Pentagon Plans New Arm to Wage Wars in Cyberspace - robg
http://www.nytimes.com/2009/05/29/us/politics/29cyber.html?hp
======
tptacek
People think that military and homeland security networks would be better
secured than almost any private network... at least as well as, say, a bank.
They are't. They're less secure than many university networks.

If there's an opportunity for the administration to improve "cybersecurity"
(and you'll know they've gotten serious when they stop using that term), it's
in coming up with a coherent plan to manage and secure all the different,
crappy, parochial IP networks run by DHS and DOD.

There's no other government-scale opportunity.

Could the government act as a tie-breaker to aid adoption of sane security
standards across industry and DOD? There are no sane security standards to
choose from. What's on the menu today is the product of decades of vendor
manipulation and psuedo-academic handwaving.

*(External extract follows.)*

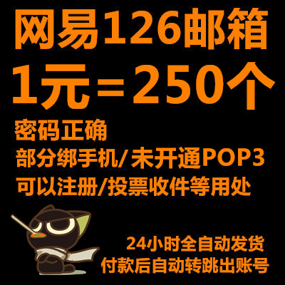 二手邮箱未开通pop3----部分绑手机126邮箱/随机长度/密码正确/1元=250个/最低购买250个/只包密码正确(不包能登上邮箱)

Could the government fund better research into security? The government
already plows hundreds of millions into this objective, and yet virtually all
meaningful security research --- from protocols to cryptosystems to
programming environments --- is cradle-to-grave private industry. The academic
research that matters to security is nuts-and-bolts math and CS. Let's keep
writing those grants. But industry looks at overtly "infosec" government
research and laughs.

Could the government equip the armed services to sabotage the IT
infrastructure of an adversary? Yes. The available evidence suggests that they
already have. But there are, on the outside, low tens of thousands of people
with the expertise and focus to make a difference here. The majority command
compensation far in excess of what DOD will pay. Only a small minority are
willing to participate in work like this, not just for ethical reasons but
because it's a poor career move. My utterly unqualified guess here is that we
have all the "cyber-warfighting" capability we're prepared to utilize, and
that any attempt for the government to amplify that capability with money and
programs is just pushing on a string.

The government needs to fix government IT. Of course, it won't; it'll delegate
make-work projects to Lockheed and SAIC and talk about the problem in terms of
dollars spent and czars minted. Which is fine. Regardless of what Obama says,
this is _not_ one of our major strategic problems today.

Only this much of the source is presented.